If companies want to thrive in the purpose-driven economy, they must decide where they stand
Jan 16, 2019 10:46AM
● By Kathleen Maris
By Tom Martin
Along with the usual business buzzwords such as vision, mission, goals, objectives, and values, a new word has been gaining traction in recent years: purpose.
Customers are seeking it in the companies that make the products they buy. Young graduates are searching for it from prospective employers. Investors are scanning research reports when deciding where to direct their stock purchases. What is the company’s purpose? What does it stand for? Why does it exist?
For some organizations, this examination can lead to some uncomfortable dialogue and the ultimate realization that they really haven’t spent much time defining their purpose. And if the sole purpose of a company’s existence is simply to make a profit, that may leave some stakeholders wanting more.
Three companies provide excellent examples of how leaders are making bold decisions that balance the need to be profitable with the realization that purpose increasingly matters to many stakeholders.
CVS Health made a bold decision in 2014 to stop selling tobacco products in its stores. The move cost the company more than $2 billion in lost sales, ruffling the feathers of CVS shareholders. But the company felt that as a healthcare provider it could not ignore the obvious disconnect implicit in selling products that were clearly damaging the health of its customers and employees.
Since CVS stopped selling tobacco, some remarkable things have happened. According to the company, cigarette pack sales have dropped an additional one percent across all retailers in states where CVS Pharmacy had a 15 percent or greater share of the retail pharmacy market, compared to states with no CVS Pharmacy stores.
A company-sponsored study also showed a four percent increase in nicotine patch purchases in those same states during the period immediately following the end of tobacco sales, indicating that there was also a positive effect on attempts to quit smoking. People are obviously still buying tobacco products, but not in CVS stores.

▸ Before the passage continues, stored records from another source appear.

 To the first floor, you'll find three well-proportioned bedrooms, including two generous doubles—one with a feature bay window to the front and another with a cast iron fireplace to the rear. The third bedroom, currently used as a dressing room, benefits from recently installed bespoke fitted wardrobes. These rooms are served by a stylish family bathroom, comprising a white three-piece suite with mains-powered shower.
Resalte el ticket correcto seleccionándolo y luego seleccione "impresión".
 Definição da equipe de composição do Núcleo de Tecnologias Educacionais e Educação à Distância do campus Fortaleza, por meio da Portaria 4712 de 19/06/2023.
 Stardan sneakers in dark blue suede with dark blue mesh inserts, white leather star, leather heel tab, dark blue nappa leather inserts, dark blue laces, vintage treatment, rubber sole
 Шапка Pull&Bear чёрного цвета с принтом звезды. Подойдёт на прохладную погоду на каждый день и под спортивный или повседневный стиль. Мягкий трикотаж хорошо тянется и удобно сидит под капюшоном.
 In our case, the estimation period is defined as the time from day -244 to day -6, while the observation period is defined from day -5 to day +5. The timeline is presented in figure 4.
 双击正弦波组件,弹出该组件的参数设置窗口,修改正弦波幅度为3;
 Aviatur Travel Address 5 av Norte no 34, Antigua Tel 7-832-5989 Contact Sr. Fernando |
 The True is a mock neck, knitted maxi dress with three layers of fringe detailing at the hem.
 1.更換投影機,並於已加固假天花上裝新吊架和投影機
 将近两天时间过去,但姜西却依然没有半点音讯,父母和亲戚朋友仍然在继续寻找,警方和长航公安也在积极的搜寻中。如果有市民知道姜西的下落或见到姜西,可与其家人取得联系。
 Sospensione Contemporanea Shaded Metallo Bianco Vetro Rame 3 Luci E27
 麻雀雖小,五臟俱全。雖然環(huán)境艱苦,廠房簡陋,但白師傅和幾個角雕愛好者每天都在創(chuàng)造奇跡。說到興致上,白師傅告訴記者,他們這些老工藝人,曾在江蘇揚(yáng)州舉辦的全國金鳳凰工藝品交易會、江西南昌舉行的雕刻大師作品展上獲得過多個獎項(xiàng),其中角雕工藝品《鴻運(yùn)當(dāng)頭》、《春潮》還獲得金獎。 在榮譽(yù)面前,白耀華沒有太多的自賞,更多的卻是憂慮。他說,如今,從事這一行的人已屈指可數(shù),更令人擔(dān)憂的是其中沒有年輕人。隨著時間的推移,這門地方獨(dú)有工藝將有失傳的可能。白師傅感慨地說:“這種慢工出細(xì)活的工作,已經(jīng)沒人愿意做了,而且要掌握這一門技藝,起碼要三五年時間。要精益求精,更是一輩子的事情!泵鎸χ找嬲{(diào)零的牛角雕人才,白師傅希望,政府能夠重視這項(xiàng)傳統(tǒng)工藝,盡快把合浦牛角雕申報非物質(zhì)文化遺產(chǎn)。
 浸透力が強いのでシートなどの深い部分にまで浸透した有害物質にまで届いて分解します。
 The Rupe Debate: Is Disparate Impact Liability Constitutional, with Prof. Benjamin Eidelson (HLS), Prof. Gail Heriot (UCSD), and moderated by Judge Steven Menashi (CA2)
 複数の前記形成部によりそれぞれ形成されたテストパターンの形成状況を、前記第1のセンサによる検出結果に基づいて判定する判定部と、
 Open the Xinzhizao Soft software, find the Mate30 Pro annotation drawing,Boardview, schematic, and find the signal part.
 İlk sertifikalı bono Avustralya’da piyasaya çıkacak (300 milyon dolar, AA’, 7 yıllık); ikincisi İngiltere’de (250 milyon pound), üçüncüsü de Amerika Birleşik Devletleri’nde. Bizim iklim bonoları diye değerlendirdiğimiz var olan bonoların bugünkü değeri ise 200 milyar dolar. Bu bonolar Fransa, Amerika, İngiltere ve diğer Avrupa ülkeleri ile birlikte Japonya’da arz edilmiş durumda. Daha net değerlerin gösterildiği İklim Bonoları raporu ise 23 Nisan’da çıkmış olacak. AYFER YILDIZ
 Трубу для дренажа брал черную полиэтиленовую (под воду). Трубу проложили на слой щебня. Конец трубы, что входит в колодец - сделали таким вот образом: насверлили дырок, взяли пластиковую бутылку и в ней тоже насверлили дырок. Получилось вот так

Dick’s Sporting Goods made a similar tough decision following the tragedy at Marjory Stoneman Douglas High School in Parkland, Fla., when it chose to stop selling assault-style weapons and high-capacity ammunition magazines in its stores and on its website. The company also stopped selling any type of gun to customers under age 21. The assailant in Parkland had purchased a shotgun from a Dick’s Sporting Goods store in 2017, although it was not the weapon used in the killings. Nevertheless, it made the difficult decision even more poignant.
The company’s CEO, Edward Stack, expressed it this way: “We did everything by the book. We did everything that the law required, and still he was able to buy a gun. When we looked at that, we said, ‘The systems that are in place across the board just aren’t effective enough to keep us from selling someone a gun like that.’"
Not everyone was pleased with the decision. Some employees resigned from the company, and some unhappy customers vowed to never shop at Dick’s again. But Stack was undeterred. “We needed to take a stand and do this,” he said.
Chobani took a stand in a different way: through its employment practices. Chobani’s founder and CEO, Hamdi Ulukaya, was concerned enough about the plight of refugees around the world that he implemented a program to recruit and hire those who had been displaced though war, famine, and other hardships. Ulukaya is himself a Turkish immigrant of Kurdish descent. He immigrated in 1994 to New York and founded Chobani in 2007. The yogurt company has grown rapidly, and now employs more than 2,000 people. Ulukaya himself has prospered and is now a billionaire.
He has traveled to refugee camps in the Greek islands, where he has witnessed the travails of thousands of refugees firsthand. He has signed Bill Gates and Warren Buffett’s Giving Pledge and has committed to giving away much of his fortune to help refugees in need. As he put it, “The minute a refugee has a job, that’s the minute they stop being a refugee.”
Despite death threats, negative publicity, and attempts to boycott Chobani products, Ulukaya is undeterred. “My story, like so many others, is only possible in America,” he said. “The magic and power of the American dream is something I believe should be available to everyone.”
President Calvin Coolidge is famously quoted as noting that “the chief business of the American people is business.” That line might have worked in 1925 when he delivered the speech, but it rings hollow now. Younger consumers and prospective employees are now demanding more from the companies they choose to buy from and work for. If companies are to thrive in the new purpose-driven economy, they should recognize this reality and begin asking some hard questions. What, indeed, do we stand for?